From a review of Margaret Atwood’s book “Payback: Debt and the Shadow Side of Wealth, at BLOG THIS:

The economy is on a lot of people’s minds as Canadian newspapers warn of recession and the United States deals with its subprime mortgage problem. And so this might be the perfect time to read Margaret Atwood’s new book Payback: Debt and the Shadow Side of Wealth. Consisting of five essays, each presented during this year’s Massey Lectures, Atwood provides a discursive overview of the history of debt, lending and borrowing, fairness, and its related concepts.

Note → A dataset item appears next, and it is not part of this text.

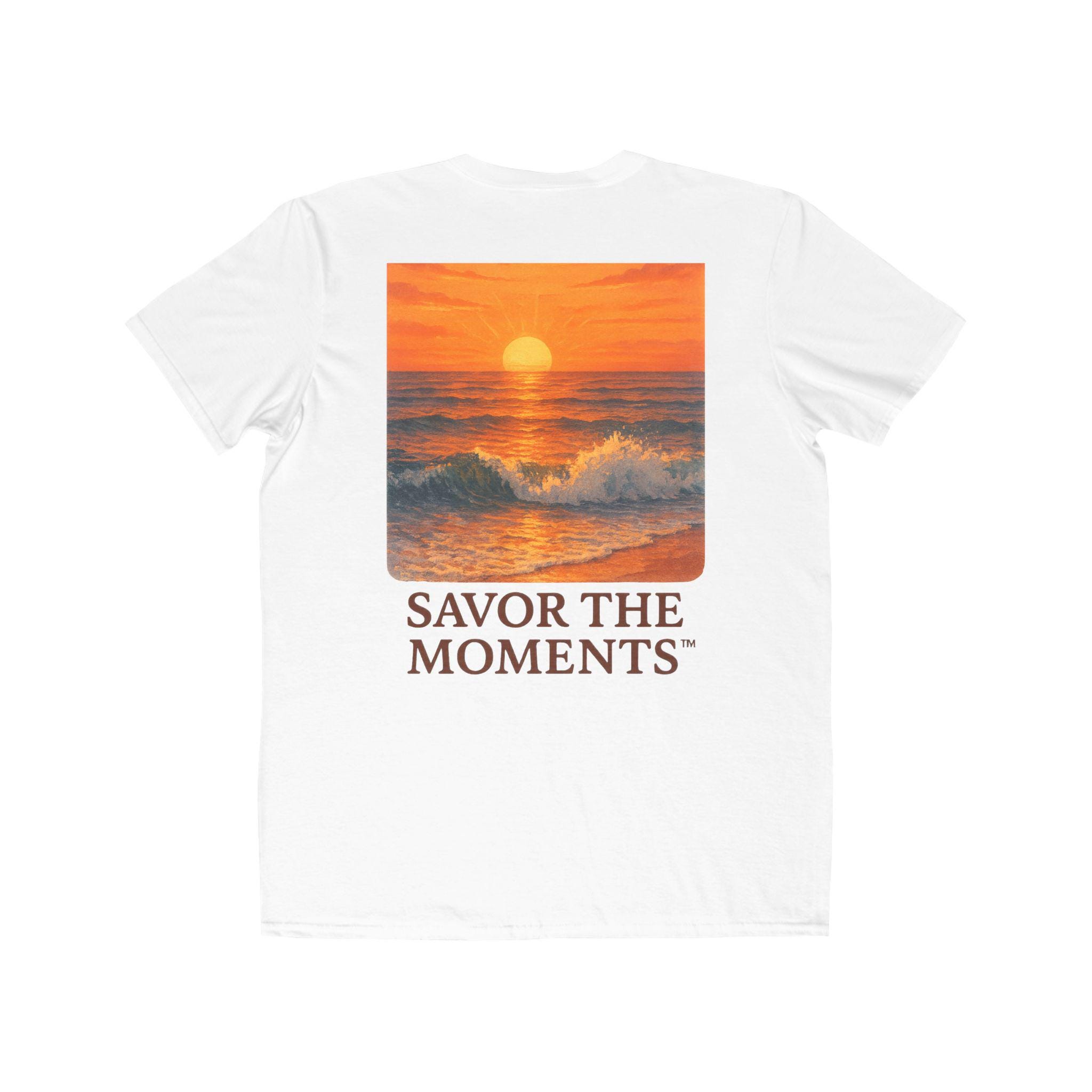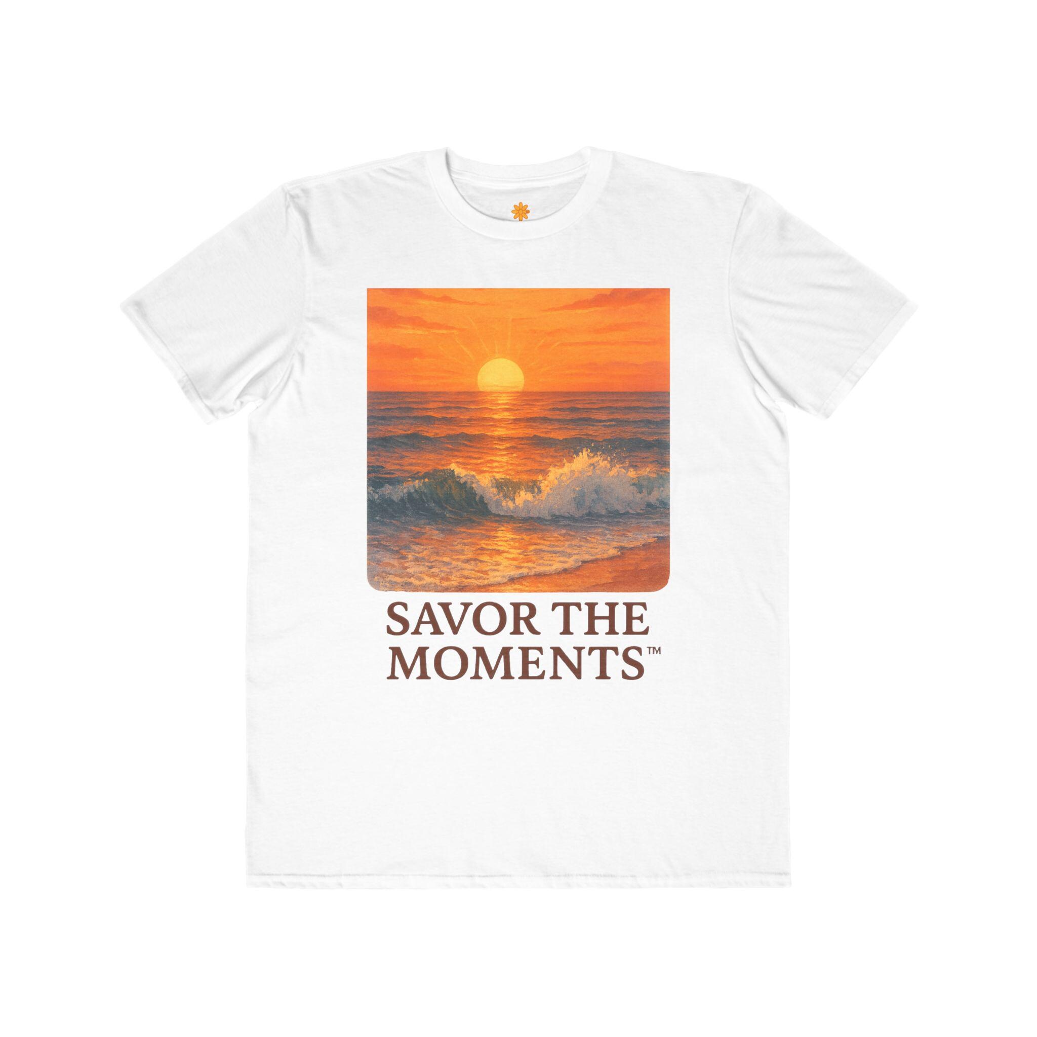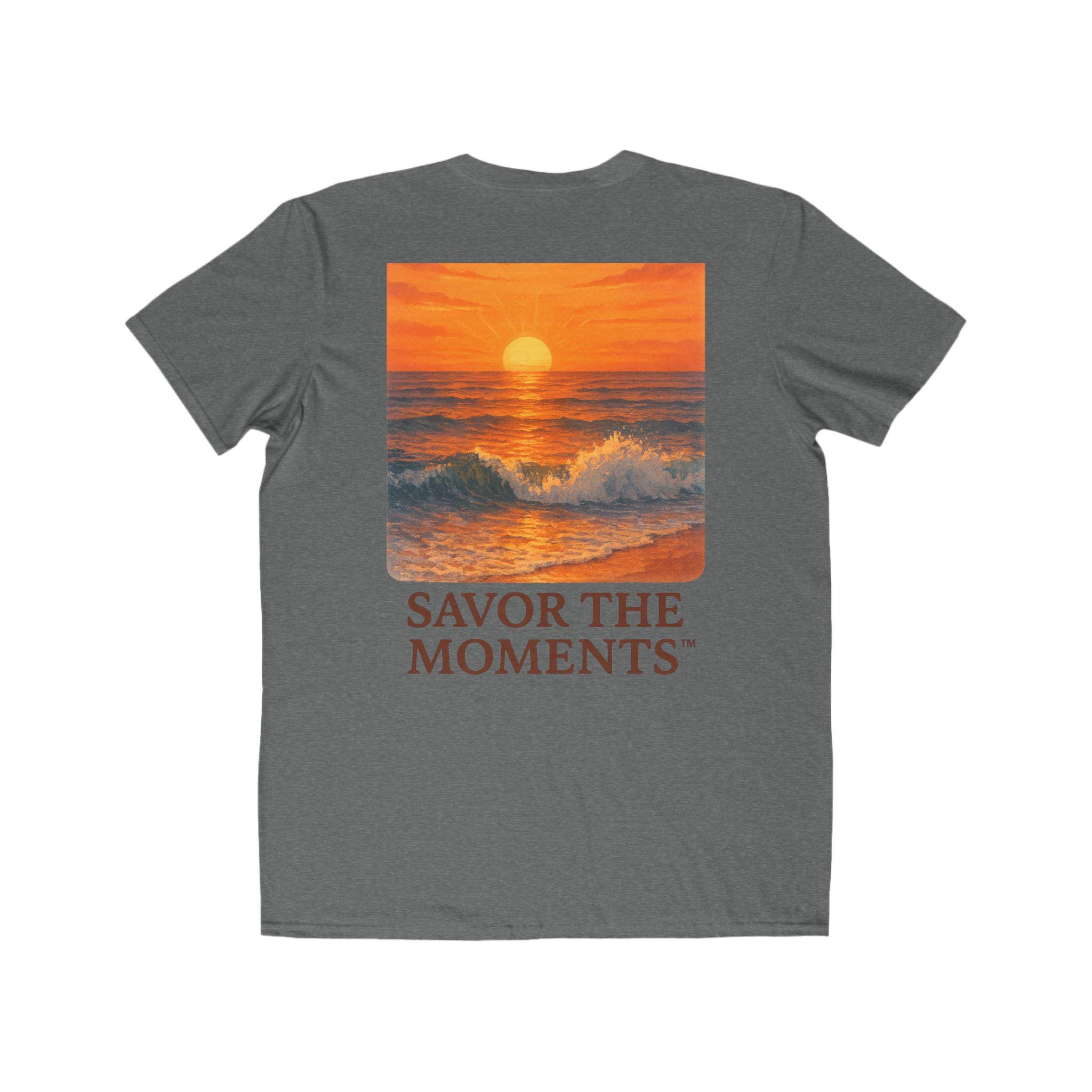Men's Lightweight Fashion Tee - Savor the Moments, Sunset Beach T-Shirt, Casual Summer Top, Relaxed Fit Tee, Nature Lover Gift, Graphic Tee

In the end Atwood resolves the mystery of debt, saying everything must in the end come from Nature. Everything, Atwood says, is either taken or traded. The goods to be traded must first be taken from somewhere; and the goods taken can only come from Nature. Atwood describes a scenario starring a revamped version of Scrooge, named “Scrooge Nouveau”, and set in a world of rapidly depleting resources. It is a world in which its most intelligent inhabitants (that’s us, by the way) have consumed goods beyond their needs at costs exceeding their means. We have, that is, purchased large parts of our globe on credit with high interest rates that we must one day face. Atwood’s implied imperative throughout the text: we’d be better off if we recognized this now and worked to strike a genuine balance between our only creditor, Nature, and its debtor, us.

Read the whole thing here

And from Salon‘s review:

Oh, sure, anyone can come up with a good aphorism or two, but I can’t think of anyone who has explained the subprime mortgage crisis quite as cogently as Atwood: “Some large financial institutions peddled mortgages to people who could not possibly make the monthly rates and then put this snake-oil debt into cardboard boxes with impressive labels on them and sold them to institutions and hedge funds that thought they were worth something.”

The whole thing is here

2 thoughts on “In Debt to Atwood

  1. I *just* got this in the mail, and I think it might be the book I’ll read in the hushed quiet of December 26.

    I loved the previous post, too. Atwood is one of my personal heroes. “Variations on the Word ‘Sleep'” is one of the poems I love best. I grew up in North Dakota, not Manitoba, but Atwood makes me wish I were a Canadian. (Is there a term for this – “Canada Envy,” maybe?)

    Thanks for bringing some beauty into an otherwise bleak week marked by snow days and sick kids.

  2. It’s great to see you here sungold. I can’t even say how I feel about Atwood. She made me a feminist and wrote about my own city in “The Edible Woman” – I laughed my ass off and couldn’t eat by the time I finished it, while recovering from mononucleosis between my first and second year of university. In part, it was just amazing to have finished high school without having read one piece of Canadian literature, besides Steven Leacock, and then to see my city reflected back to me. And the life of a woman too! What a difference it makes and made.

    Funny, I too am saving the “Debt” book for the Christmas holidays.

    I’m so happy that these posts gave you some pleasure in the snow, with the sick little ones. And by the way, North Dakota is close enough!